Enquanto isso, Putin perdeu um de seus comandantes militares mais eficazes em Prigozhin e, por mais que tente reconstituir o Grupo Wagner, é improvável que continue sendo a força poderosa que costumava ser. Isso provavelmente ajudará a Ucrânia, que recentemente lançou seu contra-ataque e está liberando territórios no leste e no sul. No rescaldo da rebelião de Prigozhin, Kiev supostamente estabeleceu uma cabeça de ponte na margem esquerda do Dnieper na região de Kherson e também reivindicado ganhos nas regiões de Donetsk e Zaporizhia.
A economia russa também sofreu um duro golpe devido à guerra e à crescente lista de sanções que a União Europeia, os Estados Unidos e seus aliados impuseram. Tornou-se mais dependente das exportações para a China, que, por sua vez, continua relutante em fornecer novos financiamentos substanciais à Rússia. Pequim também atrasou um acordo para construir o gasoduto Power of Siberia 2, que Putin precisa desesperadamente para substituir as vendas perdidas de gás na Europa.
Uma semana antes dos distúrbios, a mídia russa relatado Os bancos chineses já estavam restringindo as transferências em renminbi de bancos russos para terceiros países e Pequim dificilmente verá qualquer incentivo para se apegar mais a Putin agora.
É claro que o Kremlin ainda não está em uma crise do mesmo tamanho da de 1917, mas também ainda não vimos como terminará o motim de Prigozhin.
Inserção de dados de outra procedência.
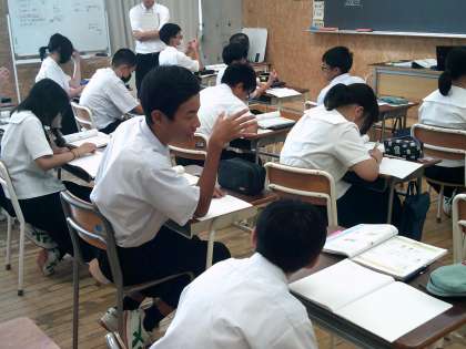 これまで学んできた文字を使い、どのように表現できるかを考えていました。互いに相談しながら考えを深めたり、教え合ったりしながら、考えを深めています。

Ele realmente retirou seus lutadores de Rostov-on-Don e Voronezh, mas o que acontecerá com ele a seguir ainda não está claro. As acusações de traição contra Prigozhin, que deveriam ter sido retiradas sob o acordo que ele fez com Lukashenko, ainda estão em vigor.
Houve relatos de que ele está em Minsk, embora as autoridades bielorrussas tenham negado que estejam cientes de sua chegada e seja difícil ver como eles podem fornecer um refúgio para ele, dado o passado disputas entre Prigozhin e Lukashenko. Putin é conhecido por ver a traição como imperdoável, mas tomar novas medidas contra Prigozhin também pode desestabilizar ainda mais a situação. Depois que o gênio sai da garrafa, é difícil colocá-lo de volta.
Também não está claro o que acontecerá com as operações lucrativas de Wagner na África, onde o grupo estaria diretamente envolvido na mineração de ouro e outros minerais preciosos. O ministro das Relações Exteriores da Rússia, Sergei Lavrov, disse que eles permanecerão no local, mas acredita-se que as unidades Wagner envolvidas sejam aquelas que serviram Prigozhin por mais tempo e provavelmente são mais leais a ele. Portanto, se eles aceitariam uma nova liderança ou resistiriam, ainda não se sabe.
Em 26 de junho, Prigozhin finalmente quebrou seu silêncio, jurando que Wagner continuará operando e afirmando que não pretendia derrubar Putin. Essas palavras seriam impensáveis apenas quatro dias atrás e, embora Putin tenha conseguido sobreviver à rebelião, a trégua entre os dois pode ser passageira. As rodas da mudança foram postas em movimento e é difícil prever para onde elas levarão a Rússia.
As opiniões expressas neste artigo são do próprio autor e não refletem necessariamente a posição editorial da Al Jazeera.